I jumped down and ran out into the hall to meet them.
When they came in I whined and barked and wagged my tail and jumped up on Tommy, and he was just as glad to see me as I was to see him.
We went into a room and Tommy and his father and Mr. Bonelli sat down and talked. I wanted to get up in the chair with Tommy, but Mr. Bonelli wouldn’t let me. He took me up on his knees, and all the while he was talking he kept smoothing me and gently pulling my ears.
At last Tommy and his father stood up, and Mr. Bonelli, too, and I scrambled down and ran over to Tommy, and Tommy caught his father by the arm and cried, “Can’t I take him now? Please!”
But his father shook his head. “You’ve heard what Mr. Bonelli says; he’ll have to train a dog to take his place before he can let him go.”
Then he and Mr. Bonelli shook hands, and Tommy said good-bye, and Tommy and his father went out and shut the door after them.
I wanted to go with them, but Mr. Bonelli held me back. When he let me go I ran to the door and scratched and whined, but I couldn’t get it open, and at last I sat down and howled, but all my howling did not bring them back.
It was not long after this when Mr. Bonelli brought home another dog to the house. He was a little brown dog just about my size. At first I thought he was a strange dog, but when I went up and sniffed at him he smelled like a friend. Then he began to wag his tail, and frisk in front of me, and all of a sudden I knew who he was. He was little Fido from the dog shop.

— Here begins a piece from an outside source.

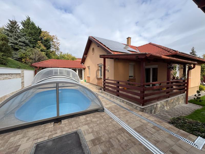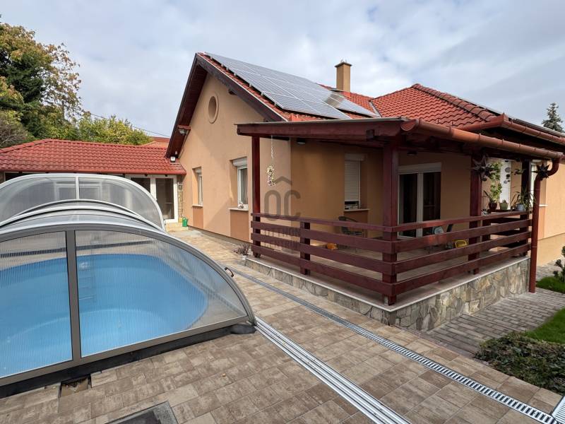 Érd Parkváros – Földszintes, újszerű családi ház medencével és napkollektorral!Érd csendes, zöldövezeti részén eladó egy igényesen karbantartott, nappali + 4 szobás, földszintes családi ház, 595 m²-es parkosított telken ,medencével, napkollektorral és számos extrával!Az 144 m²-es (nettó 119,86 m² + terasz) ingatlan 2011-ben épült, és azóta folyamatosan modernizálták – újszerű állapotban van.Főbb jellemzők:-nappali + 4 hálószoba-2 autó számára fedett beálló-padlófűtés + radiátorok, kondenzációs gázcirkó, 15 kW-os napkollektor-klíma, vízlágyító, beépített szÉF-fúrt kút, öntözőrendszer, kültéri medence, fedett grillező-új beltéri és kültéri ajtók, új utcafronti kerítés folyamatbanElhelyezkedés:Családi házas, nyugodt környezet, kiváló infrastruktúrávalIskola, óvoda, gyógyszertár, bevásárlási lehetőség pár perc távolságra.M7, M0 autópályák 5 perc, M6 10 perc alatt elérhető.Ez a ház ideális választás azoknak, akik modern, egyszintes otthont keresnek minőségi műszaki megoldásokkal és gondozott környezettel, Érd egyik legjobb részén.

I was so glad to see him I whined, and he seemed just as glad to see me.
“Ah, my Grineo, so you remember your little friend from the shop,” said Mr. Bonelli. “I had forgotten that you were there together.”
I was very happy that Fido had come there to live and to learn to be a trained dog. I knew he would like it.
Right away Mr. Bonelli began to teach Fido the same tricks that I had been doing. He worked and worked with him. He taught him everything I knew except to grin and to throw the ball. Fido couldn’t learn to do either of those things. He and I worked together, and he used to watch everything I did, and try to do it the same way. I don’t know just how long it took him to learn, but not so very long. He was a smart little dog, but not as smart as me. I heard Mr. Bonelli say to Mrs. Bonelli, “Ah, yes; he is quick, but not quick as is my little clown dog. There is but one Grineo, and I was foolish when I promised to sell him.”
And Mrs. Bonelli said, “But it is much money.”
Then one day, after Fido had learned all the tricks he seemed able to learn, an automobile came to the door, and in it was William sitting in front, and Tommy sat up beside him.
Tommy came in and I ran to meet him. At first he just spoke to me and patted me, but I jumped up at him and barked and yelped until he took me up in his arms, and then I hardly knew what to do, I was so glad.